Yogurt Provides Important Nutrients and Promotes Digestive Health

Posted: June 21, 2014

June is dairy month – a time to celebrate the many benefits of consuming nutritious dairy products. From calcium to potassium, dairy foods like milk, cheese and yogurt contain nine essential nutrients which may help to better manage your weight, reduce your risk for high blood pressure, osteoporosis and certain cancers...

     Whether it's protein to help build and repair the muscle tissue of active bodies or vitamin A to help maintain healthy skin, dairy products are a natural nutrient powerhouse.

  • Yogurt is one of the most popular dairy foods. Not only does it contain calcium, potassium, vitamins and minerals, but it also has live, active cultures which help promote digestive health. It’s also a good source of calcium for people who are lactose intolerant. A person who is lactose intolerant lacks enough of the enzyme that digests the sugar in mile. The bacteria in yogurt release an enzyme into the intestine that digests the milk sugar which helps to get rid of gastrointestinal distress.
  • Yogurt made from low fat or fat free milk is best. Watch out for products, especially kid friendly yogurts like squeezable yogurt tubes, yogurt parfaits and yogurt with sprinkles, which are high in added sugar.
  • Greek yogurt is one of the most popular yogurt products on the market. It is made by straining the yogurt so the liquid whey is removed to make it thicker than traditional yogurt. The extra straining process also concentrates yogurt’s protein and reduces the content of calcium and lactose. Its reduced lactose content makes Greek yogurt a popular choice among people with lactose intolerance.
  • Yogurt can be used as a substitution for higher fat products. For example:

     * Use in equal or partial amounts for mayonnaise in potato salad or coleslaw.
* Use instead of sour cream on baked potatoes.
* Replace low fat yogurt for sour cream in casseroles, salad dressings and desserts.

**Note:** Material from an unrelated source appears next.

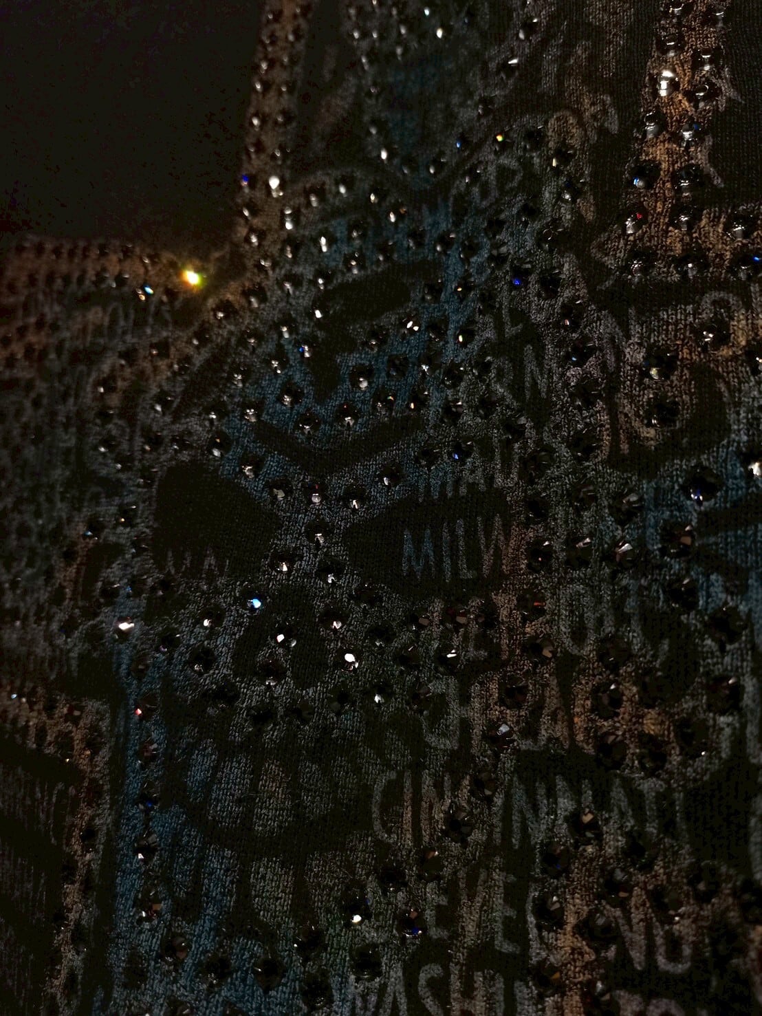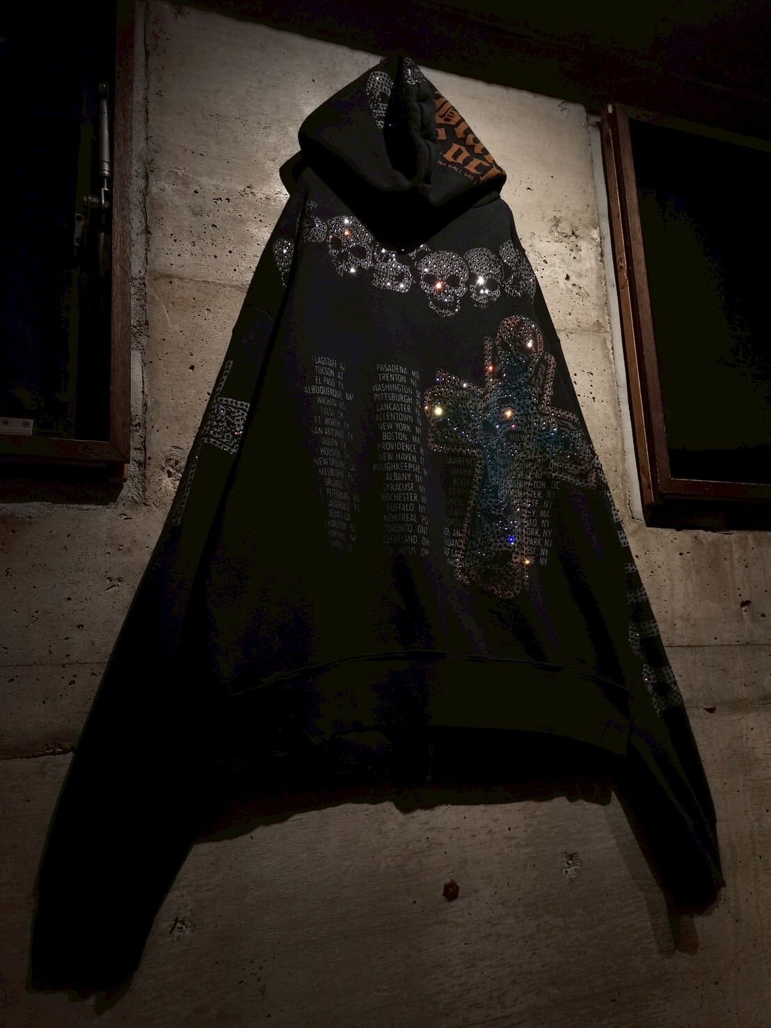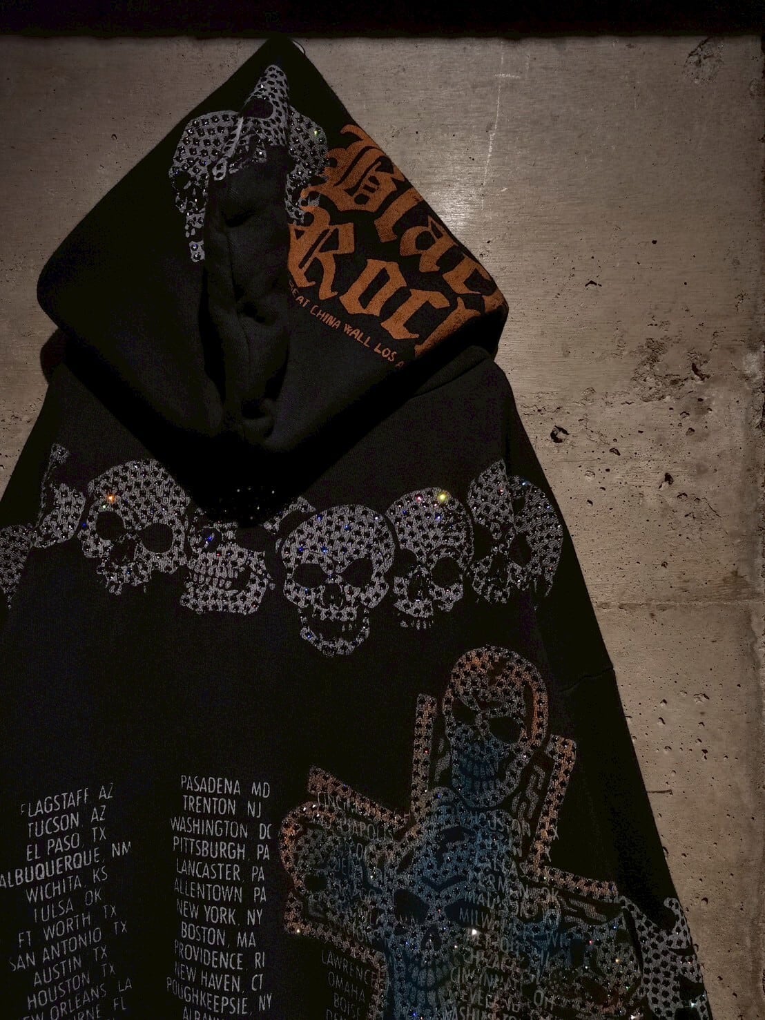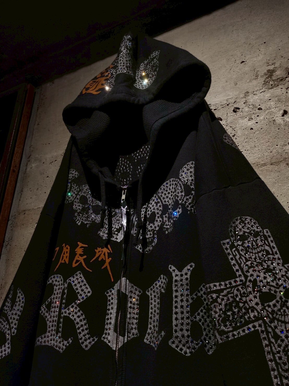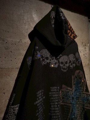 ブラックのスウェットボディに、プリントと数多のラインストーンによってスカルやクロス、ROCKの文字等を全面に配した、唯一無二なデザイン性を持ったスペシャルな1着。

     Below is a yogurt pie recipe you can try for a cool, summer dessert.

3-Inch Yogurt Pie
1 (6 oz.) Graham cracker ready piecrust
2 (8 oz.) fruit flavored low-fat yogurt (strawberry, lemon, blueberry, etc.)
1 (9 oz.) fat free whipped topping, thawed
Garnish with fresh fruit
     In a large bowl fold together the yogurt and whipped topping, blending well.  Spoon into piecrust for a high mounding pie.  Cover pie and freeze until firm (about 4 hours).  To serve, move to refrigerator at least 1 ½ hours before cutting into slices.
Karen Thomas is a family and consumer sciences educator for Penn State Extension in Lackawanna County.